## Task objective
Restate the listing word for word. Stop at the line that holds "三维工匠手提不锈钢饭盒保温桶", include it, and leave out all pictures.

## Data below
━━━━━━━━

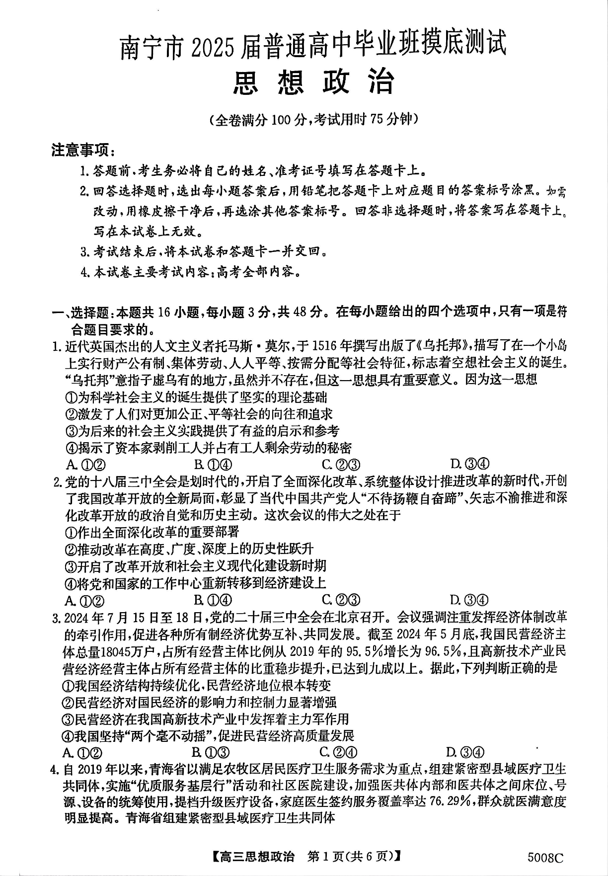 南宁市2025届普通高中毕业班摸底测试 政治
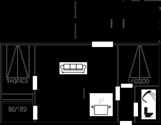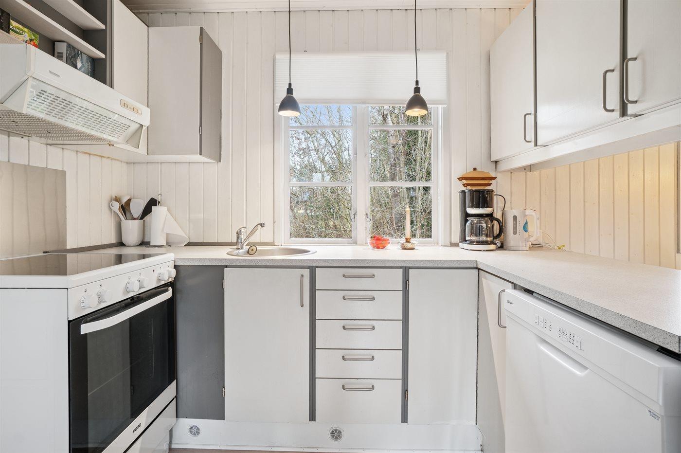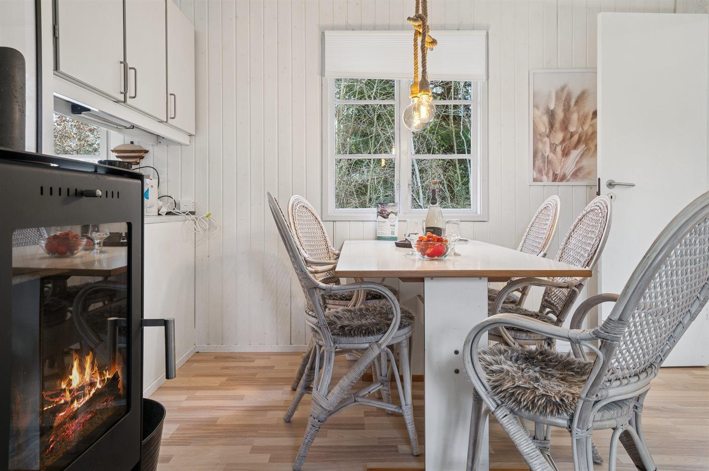 Innen wirst du von hellen und freundlichen Räumen empfangen, die klassische Ferienhaus-Gemütlichkeit ausstrahlen. Das Badezimmer verfügt über eine praktische Duschniche, und die offene Küche ist voll ausgestattet, unter anderem mit Geschirrspüler, Induktionsherd und Rührmaschine. Im Wohnzimmer findest du einen Kaminofen, ein Smart-TV und schnelles WLAN, sodass du dich entweder entspannen oder mit der Außenwelt in Verbindung bleiben kannst.
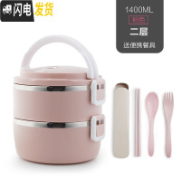 三维工匠手提不锈钢饭盒保温桶分格上班族女便当盒学生大容量便携多层餐盒 粉色2层[送餐具]
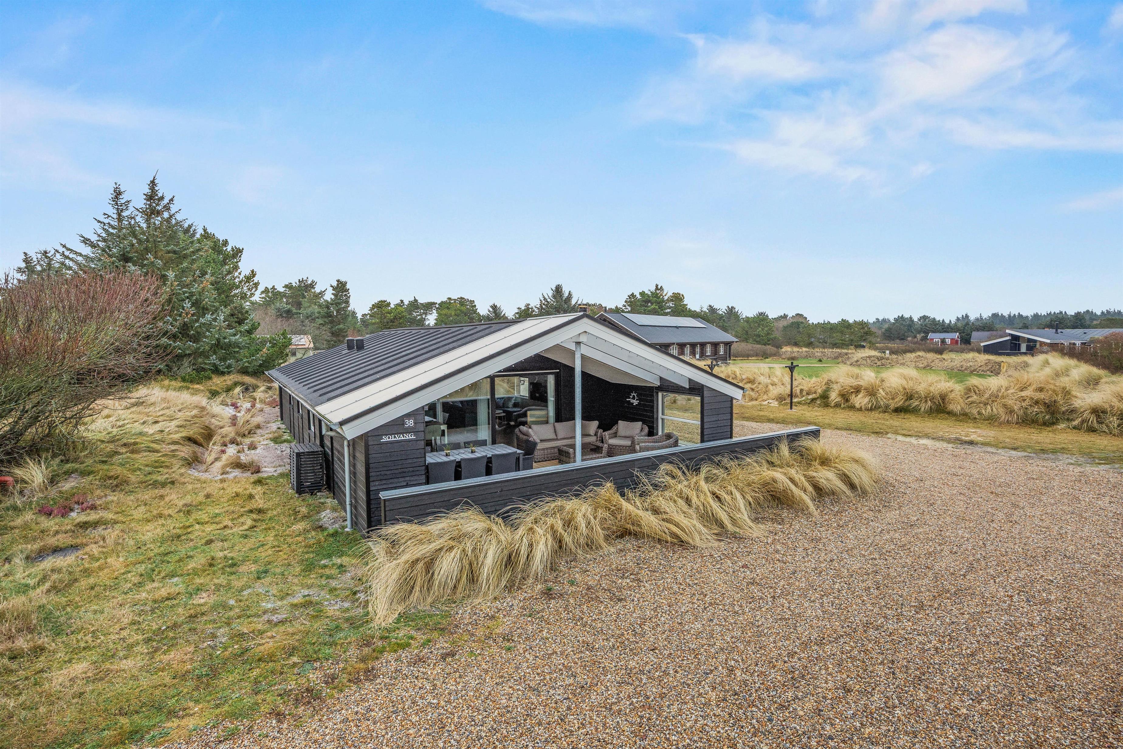 Velkommen til dette skønne sommerhus i Vejers, beliggende på en naturgrund på Risvej 38, hvor I kan lade hverdagens stress bag jer og finde afslapning og komfort. Det flotte hus, som er bygget i 2024 og indrettet med nordisk elegance, rummer med sine 166 kvadratmeter alt, hvad hjertet måtte begære.

━━━━━━━━

## Solution to the exercise
 南宁市2025届普通高中毕业班摸底测试 政治
 Innen wirst du von hellen und freundlichen Räumen empfangen, die klassische Ferienhaus-Gemütlichkeit ausstrahlen. Das Badezimmer verfügt über eine praktische Duschniche, und die offene Küche ist voll ausgestattet, unter anderem mit Geschirrspüler, Induktionsherd und Rührmaschine. Im Wohnzimmer findest du einen Kaminofen, ein Smart-TV und schnelles WLAN, sodass du dich entweder entspannen oder mit der Außenwelt in Verbindung bleiben kannst.
 三维工匠手提不锈钢饭盒保温桶分格上班族女便当盒学生大容量便携多层餐盒 粉色2层[送餐具]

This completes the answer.